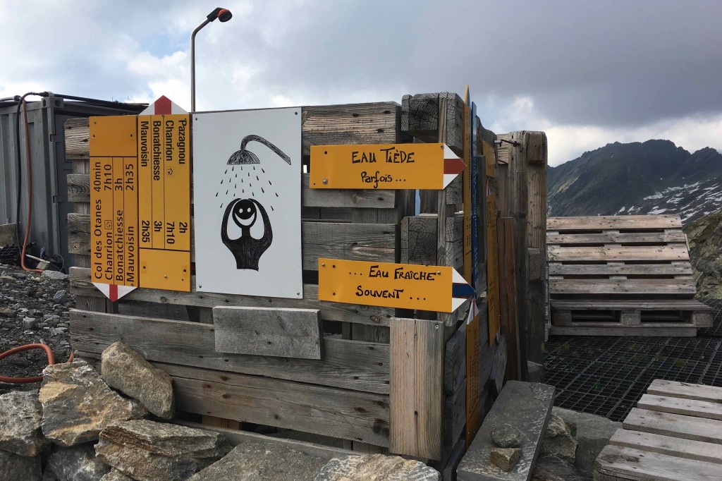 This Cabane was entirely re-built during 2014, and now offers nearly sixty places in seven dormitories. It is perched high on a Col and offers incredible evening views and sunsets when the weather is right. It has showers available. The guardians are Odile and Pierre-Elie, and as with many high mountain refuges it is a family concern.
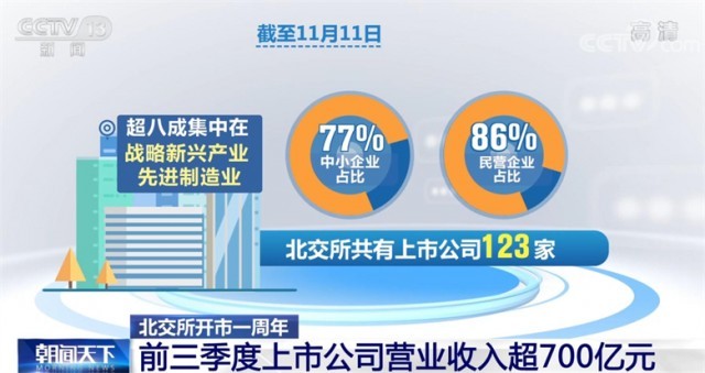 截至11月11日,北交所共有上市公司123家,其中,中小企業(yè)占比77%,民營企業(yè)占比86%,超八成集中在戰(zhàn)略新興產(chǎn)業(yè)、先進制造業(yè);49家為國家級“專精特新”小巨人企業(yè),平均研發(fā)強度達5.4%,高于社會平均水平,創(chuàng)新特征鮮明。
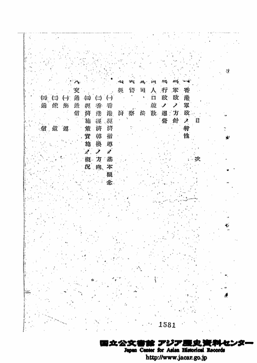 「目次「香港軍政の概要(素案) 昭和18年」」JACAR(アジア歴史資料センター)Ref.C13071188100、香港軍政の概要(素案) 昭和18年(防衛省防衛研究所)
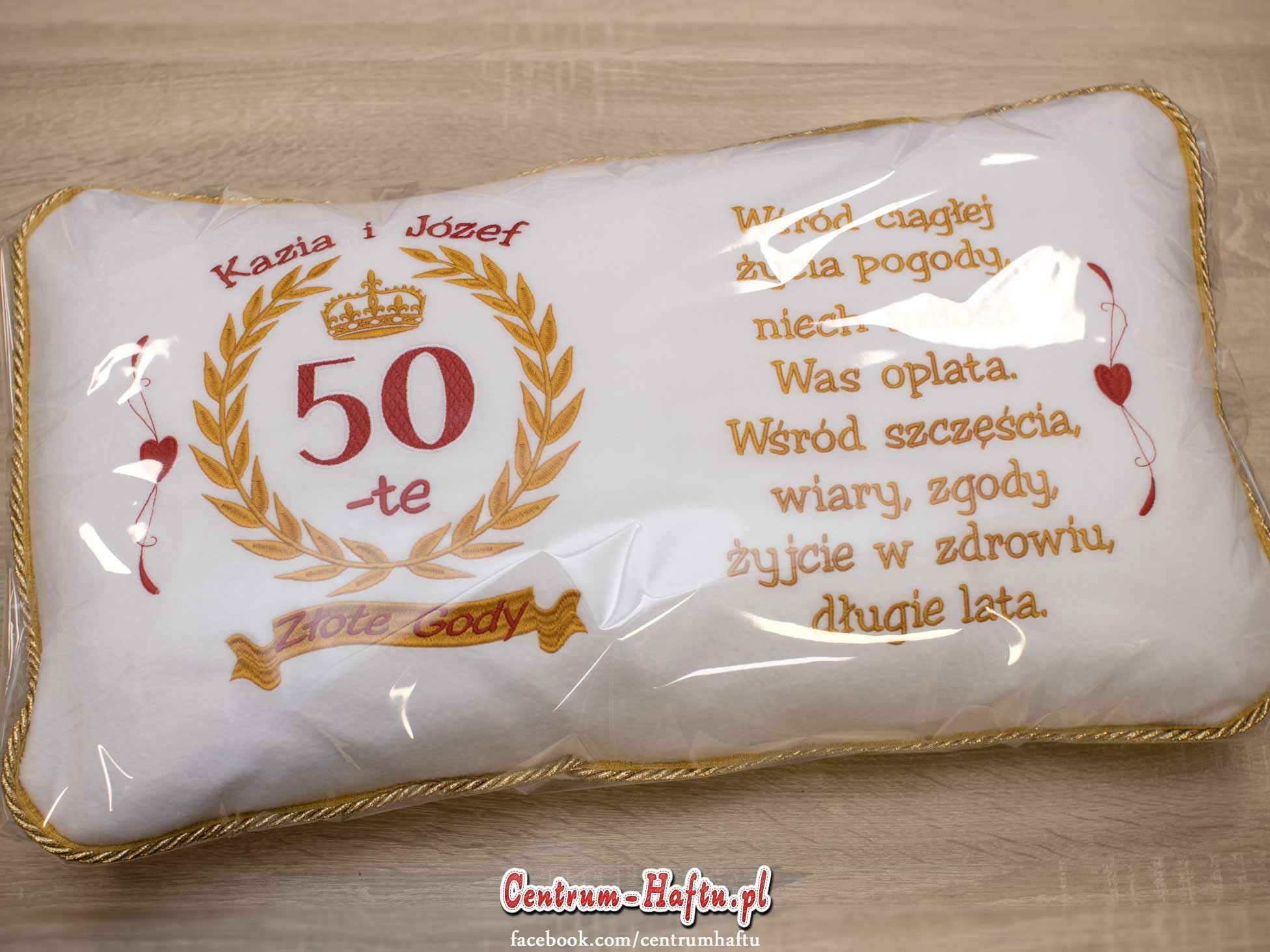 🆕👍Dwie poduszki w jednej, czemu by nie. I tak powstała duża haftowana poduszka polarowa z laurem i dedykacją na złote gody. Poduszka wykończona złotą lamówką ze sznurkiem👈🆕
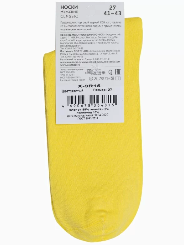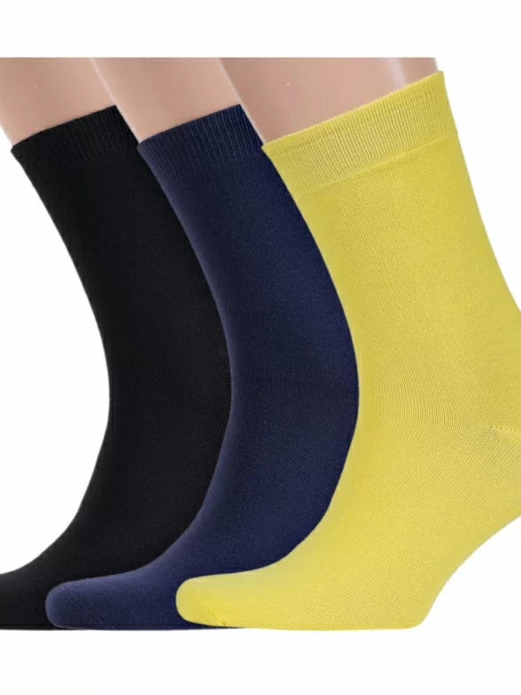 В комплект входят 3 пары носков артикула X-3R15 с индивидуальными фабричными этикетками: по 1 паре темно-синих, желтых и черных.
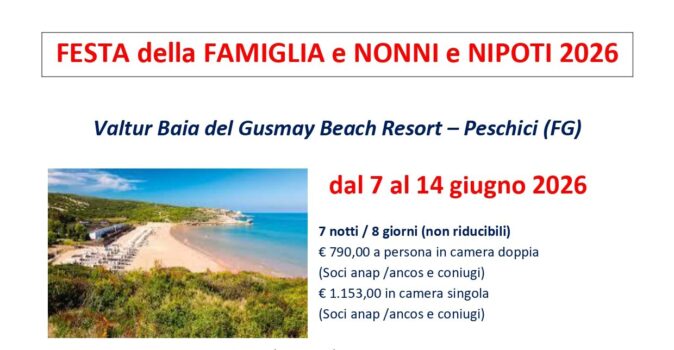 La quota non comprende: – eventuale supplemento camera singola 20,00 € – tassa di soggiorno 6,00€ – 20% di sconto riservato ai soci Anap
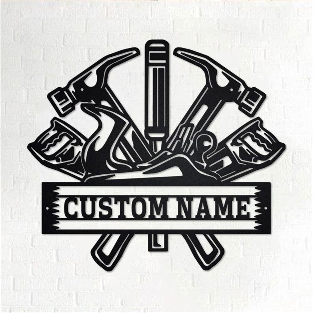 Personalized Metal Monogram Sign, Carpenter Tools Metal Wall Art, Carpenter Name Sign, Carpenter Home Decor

Work instructions — Your job is to restate, word for word, only the lines from the one holding "В комплект входят" through the end of the material; pictures stay out.

Solution to the problem —
 В комплект входят 3 пары носков артикула X-3R15 с индивидуальными фабричными этикетками: по 1 паре темно-синих, желтых и черных.
 La quota non comprende: – eventuale supplemento camera singola 20,00 € – tassa di soggiorno 6,00€ – 20% di sconto riservato ai soci Anap
 Personalized Metal Monogram Sign, Carpenter Tools Metal Wall Art, Carpenter Name Sign, Carpenter Home Decor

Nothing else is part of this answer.